We’re just creating a safe educational environment, the bureaucrats will insist, the way we’re just following the science with all those other decrees. Stop disrupting things!
Meanwhile, beyond the walls of schools and hospitals, the Trump-bashing U.S.’s ostensibly objective studies are about four times as likely to conclude hydroxychloroquine can’t help COVID patients as studies done in other countries, the mayor of ostensibly anarchy-friendly Portland pepper sprays a civilian who shouts at him for hypocritically neglecting to wear his COVID mask, Biden does his part to shape scientific terminology by banning government officials from referring to COVID as the “China virus,” and Singapore starts using COVID tracking info in (surprise, surprise) non-health criminal investigations as well.
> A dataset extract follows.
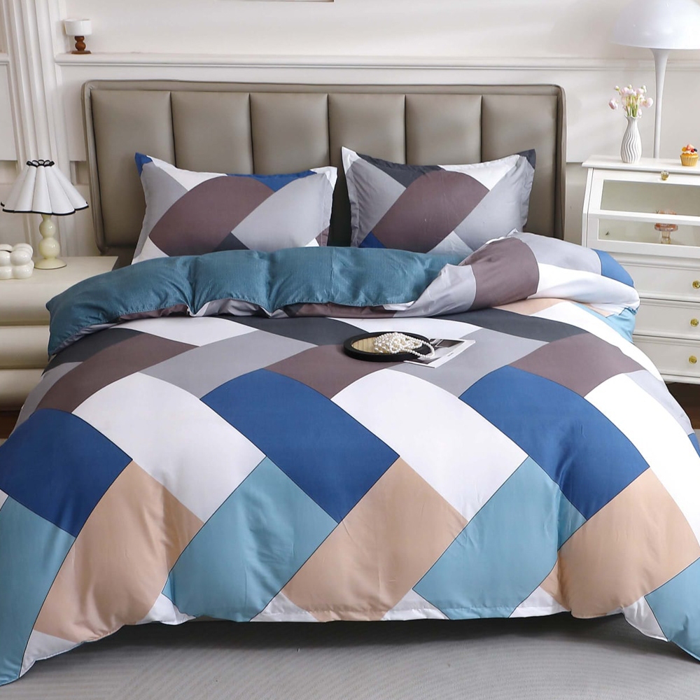 Lenjerie pat dublu cu Elastic, bumbac satinat, Bej, Albastru, dreptunghiuri, Casa Creative Elegance Pucioasa, cod produs: BCC-SE-03

Who could’ve foreseen that fortuitous social benefit, fellow surveilled citizen? I wonder if any other governments will have that idea, or abuse the power if they do?
I spent about a decade working as a writer and editor for scientists and public health experts, and much as I liked my immediate colleagues, there was no mistaking the fact that the world of public health in which they swam was one very skewed toward authoritarian and top-down thinking. Kids getting fat? Pass a law, raise a tax, use the schools to stealthily implement the plan, lie to the parents about it. Flossing rates low? Put everyone in prison, etc. There just weren’t many people in health, I found, who worried about impacts on things other than health. That’s fine. That’s their bailiwick. Just don’t give them any political power, not even in a crisis, contrary to what every respectable liberal now tells you.
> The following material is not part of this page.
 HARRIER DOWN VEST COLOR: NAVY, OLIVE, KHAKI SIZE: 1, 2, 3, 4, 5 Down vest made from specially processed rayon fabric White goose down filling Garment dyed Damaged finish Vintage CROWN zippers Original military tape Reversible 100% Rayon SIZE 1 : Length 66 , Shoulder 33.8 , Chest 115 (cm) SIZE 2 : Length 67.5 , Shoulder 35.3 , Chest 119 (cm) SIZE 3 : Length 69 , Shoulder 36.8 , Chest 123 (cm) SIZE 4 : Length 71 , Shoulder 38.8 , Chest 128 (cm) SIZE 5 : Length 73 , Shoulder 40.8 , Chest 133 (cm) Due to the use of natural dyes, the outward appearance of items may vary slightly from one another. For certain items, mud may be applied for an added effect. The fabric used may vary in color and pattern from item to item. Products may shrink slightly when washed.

It’s tempting to note that even with U.S. COVID deaths purportedly running about 300,000 per year so far, that only makes COVID’s death toll about the size of, say, obesity’s. But what I also learned from my time adjacent public health experts is that if you say something like that, you’re less likely to create calm than to create a clamor to institute as many rules and regulations against fat as we have against COVID.
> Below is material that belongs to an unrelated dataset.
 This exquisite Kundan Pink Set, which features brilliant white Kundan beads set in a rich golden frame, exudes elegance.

In the 1990s, a well-meaning free-market think tank sent out a press release joking that if the law cracks down on every addictive drug, maybe we should crack down on coffee. I thought at the time it was a risky rhetorical strategy given how authoritarian people’s intuitions are, and indeed within a few years, some of the same people who had received that press release were pressuring the FDA to study the safety of caffeine intake, a push echoed in more recent years in the calls to regulate energy beverages. (The drug war did not end.)
At some point, learn to stop handing bureaucrats more excuses to tighten the screws on everyone, no matter how benign the controllers’ masks appear.